High-temperature stress promoted autophagy in anther wall cells and microspores in developing anthers of WT. The atg5-1 mutant did not show completion of tapetum degeneration and microspore maturation (Dündar et al. 2019). This and our results indicate that autophagy in Arabidopsis may play an important role, especially under stress. A rice mutant exhibits a more severe phenotype than Arabidopsis, and a OsATG7-knockout mutant completely abolished autophagosome-like structures and vacuole-enclosed lipid bodies (Kurusu et al. 2014).

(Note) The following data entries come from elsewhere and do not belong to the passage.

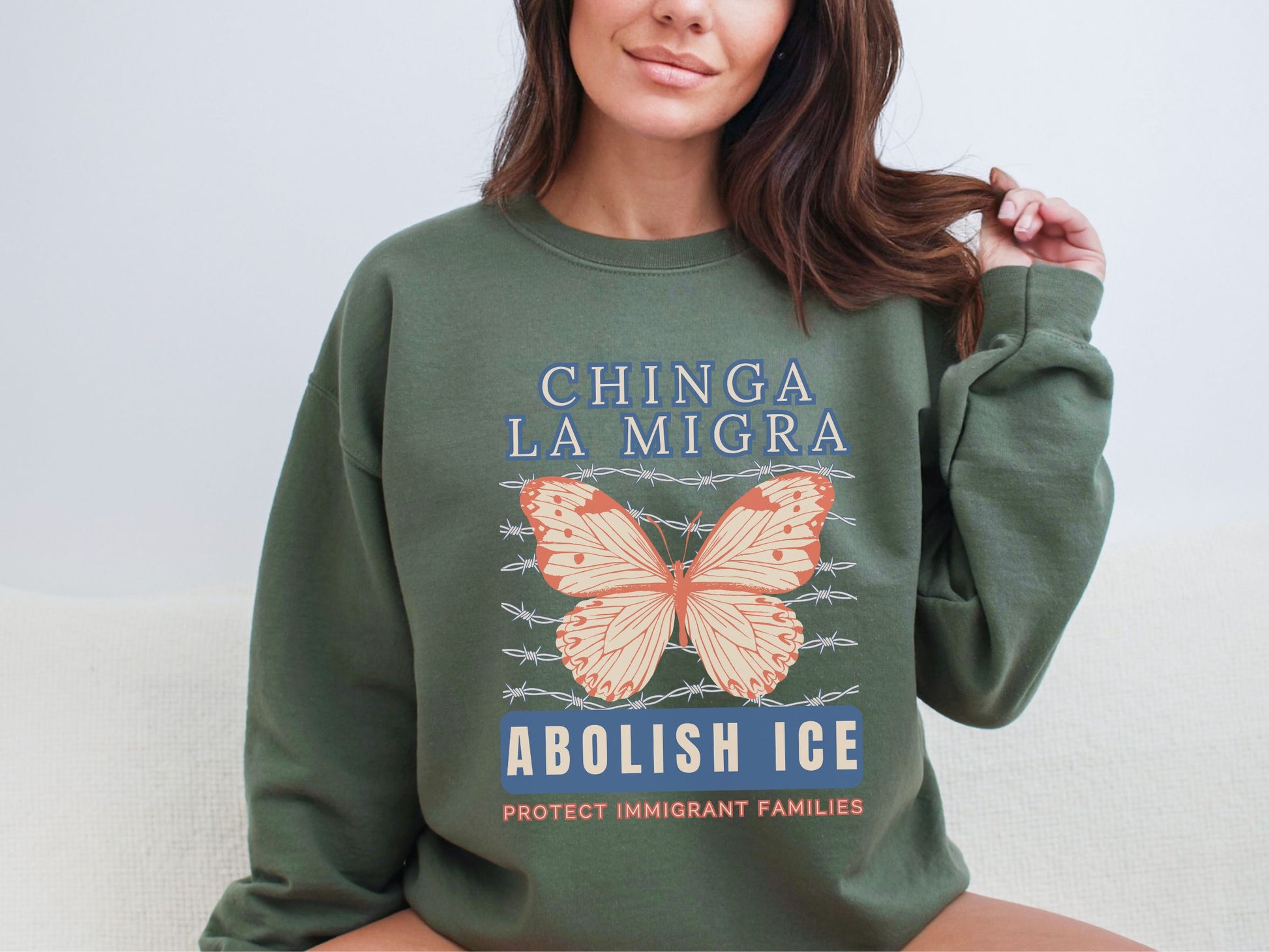 Chinga La Migra Abolish Ice Monarch Butterfly Crewneck Sweatshirt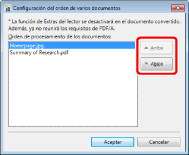 Si arrastra varios documentos, el nombre de documento del documento PDF creado será igual que el nombre del primer documento con la extensión cambiada a "*.pdf". Si ya existiera en el destino del documento PDF convertido otro documento con el mismo nombre, se añadirá un "(2)" al final del nombre.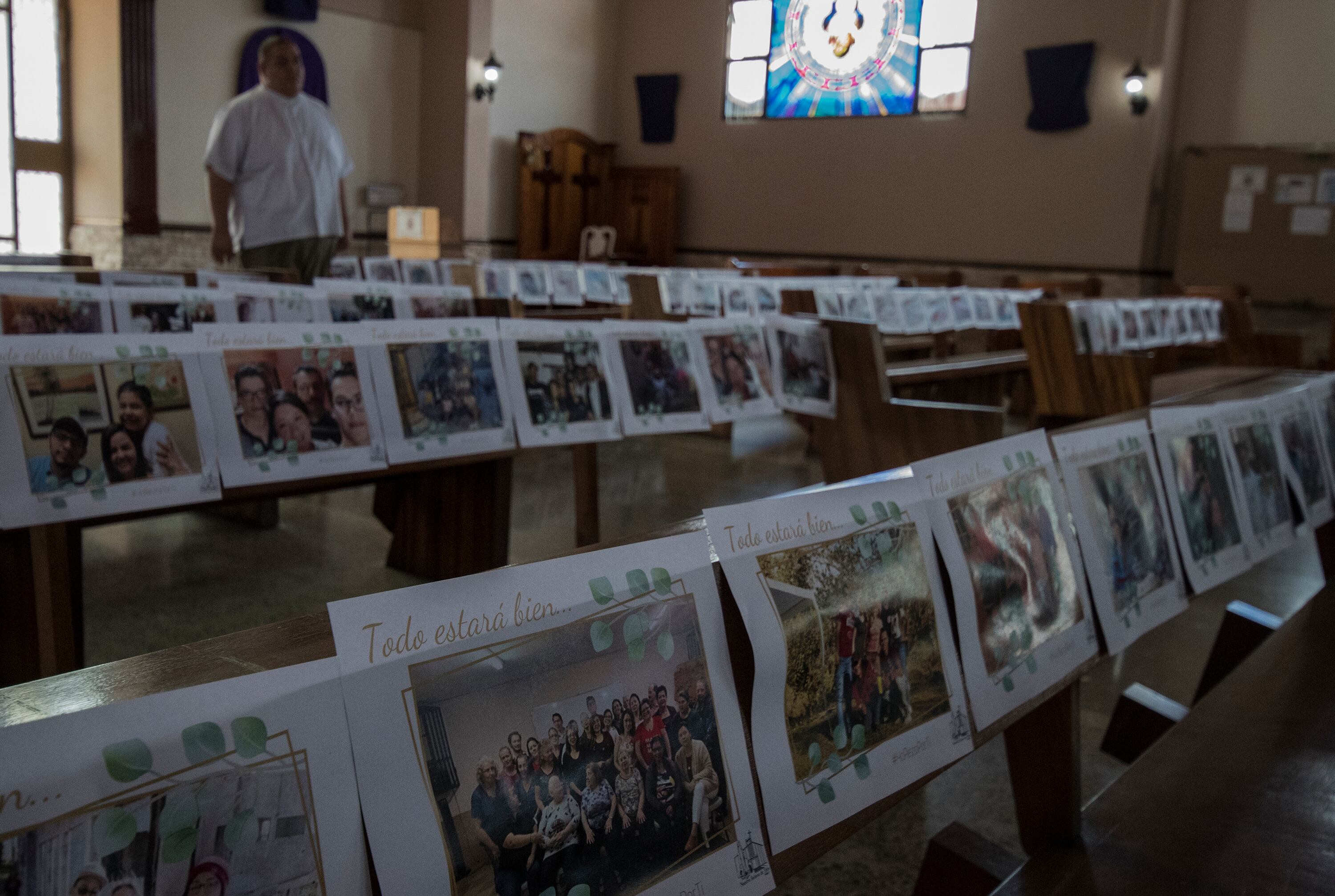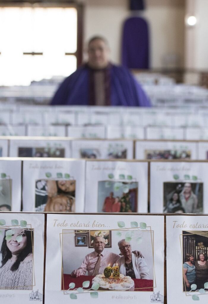 El sacerdote, a quien le dicen el padre Toto de cariño, se puso a coquear, junto con el grupo de comunicación de la parroquia, ideas para estos tiempos de coronavirus e iglesias cerradas, por lo que se le ocurrió pedirles a los feligreses que mandaran sus fotos familiares para pegarlas en las bancas.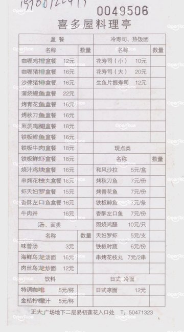 和楼上的喜多屋同属一家,在这里开了个定食小分店,都是阿姨级别的在服务。只能收现金而且不能开发票...三文鱼刺身:38元一份,大概有15片左右,价格倒是很便宜,不过质量你们也懂的,三文鱼放了很长时间,本身新鲜度就不够,选取的部位也不好,有很多筋筋拉拉的口感,芥末完全没有味道...牛肉饭:18元一碗,价格很讨喜啊,量很大,里面牛肉还是很多的,但口感偏甜,再加一个荷包蛋和两片萝卜,只能说,填饱肚子绝对没问题。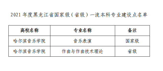 近日,黑龙江省教育厅公布了《2021年度国家级和省级一流本科专业建设点名单的通知》(教高厅函[2022]14号),我院音乐表演专业入选2021年度国家级一流本科专业建设点,作曲与作曲技术理论专业入选省级一流本科专业建设点。截至目前,我院建院初期设立的3个本科专业全部入选国家级省级一流专业,实现了“双万计划”一流专业的全覆盖。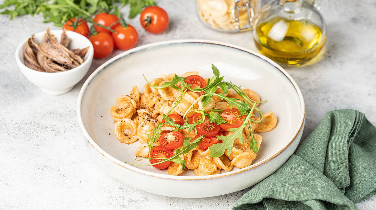 Например, орекьетте - паста в форме крошечной лепешечки с углублением по середине и рифленой "спинкой". За счет этого она идеальна для подачи с соусом, так как соус заполняет серединку и делает блюдо максимально насыщенным.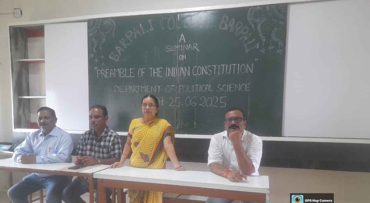 ବରପାଲି ମହାବିଦ୍ୟାଳୟରେ ଅଧ୍ୟକ୍ଷା ଜୟନୀ ଦାଶଙ୍କ ଅଧ୍ୟକ୍ଷତାରେ ସମ୍ବିଧାନ ହତ୍ୟା ଦିବସ ପାଳିତ ହୋଇଯାଇଛି ।ଏହି ସଭାରେ ଇଂରାଜୀ ବିଭାଗ ମୁଖ୍ୟ ପ୍ରଫେସର ସୁଶିଲ କୁମାର ଶତପଥୀ ଓ ଅଧ୍ୟାପକ ଅଶୋକ ପ୍ରଧାନ ଅତିଥି ଭାବରେ ଯୋଗଦେଇ ସମ୍ବିଧାନର ମହତ୍ତ୍ଵ ଉପରେ ବକ୍ତବ୍ୟ ରଖିଥିଲେ। ଏହି ଅବସରରେ ରାଜନୀତି ବିଜ୍ଞାନ ବିଭାଗ ପକ୍ଷରୁ ଭାରତୀୟ ସମ୍ବିଧାନର ପ୍ରସ୍ତାବନା ଶୀର୍ଷକ ଆଲୋଚନାଚକ୍ର ଅନୁଷ୍ଠିତ ହୋଇଥିଲା। ସମଗ୍ର କାର୍ଯକ୍ରମକୁ ଅଧ୍ୟାପକ ଅଲେଖ ମହାନନ୍ଦ ସଂଯୋଜନା କରିଥିବା ବେଳେ ବହୁ ଛାତ୍ର ଛାତ୍ରୀ ସ୍ବରଚିତ ପ୍ରବନ୍ଧ ଉପସ୍ଥାପନା କରିଥିଲେ । ଏହି କାର୍ଯ୍ୟକ୍ରମରେ ମହାବିଦ୍ୟାଳୟର ସମସ୍ତ ଅଧ୍ୟାପକ ଅଧ୍ୟାପିକା ଓ ଛାତ୍ରଛାତ୍ରୀ ଉପସ୍ଥିତ ଥିଲେ।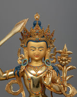 Gold Gilded Statue of Manjushri Bodhisattva of Wisdom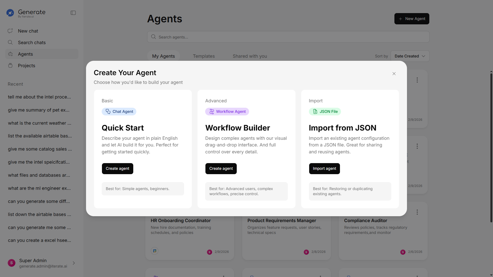 Create specialized AI assistants tailored to specific tasks. An agent can be set up with custom instructions, access to specific tools, and knowledge scoped to what it needs. Use the visual Agent Builder or Quick Mode for fast setup.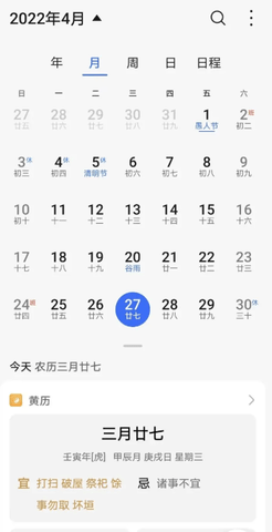 3、软件会根据个人喜好自定义是否显示农历、节假日、节气等信息。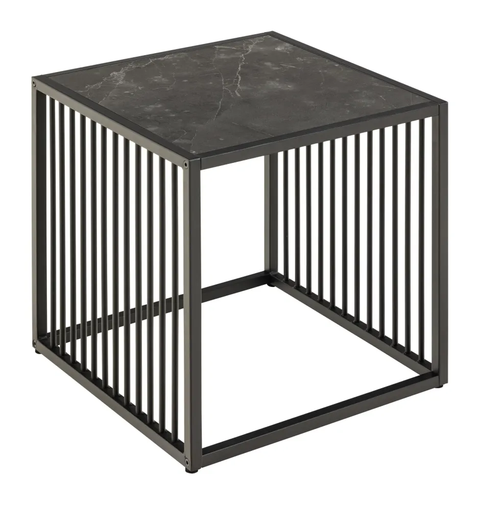 Wie had gedacht dat een bijzettafel zo cool kon zijn. Zo’n ontwerp maakt gemakkelijk een statement in elk modern huis. Het zwart metalen frame heeft verticale metalen latten aan 2 zijden, terwijl het tafelblad je charmeert met de zwarte marmeren look. Stijl de tafel met je favoriete vaas of plant om hem persoonlijk te maken.

Further, vacuoles directly fused with lipid bodies were also observed in tapetal cells of rice, probably via microautophagy, but were not observed in Osatg7 mutants (Hanamata et al. 2014). Their TEM observation that lipid bodies in Osatg7 mutants remain in contact with vacuoles without degradation is very similar to our results in atg2-1 mutants (Fig. 7). Also, lipidomic analyses of the rice mutant suggested impairment of editing of phosphatidylcholines and lipid desaturation during pollen maturation (Kurusu et al. 2014). Furthermore, Fan et al. (2019) also showed that microlipophagy in Arabidopsis, although not pollen, was suppressed in both atg2-1 and atg5-1. Thus, autophagy could mediate regulation of lipid metabolism, consistent with our morphological findings that lipid body degradation appears to be inhibited in atg2-1 mutants. Although the present study included only atg2-1, our study is similar to previous reports using other atg mutants, suggesting that the correlation between ATGs and plant microlipophagy is reliable and universal. Our study contributes to the understanding of a part of the mechanism of lipophagy and suggests a novel key feature of inter-organelle communication.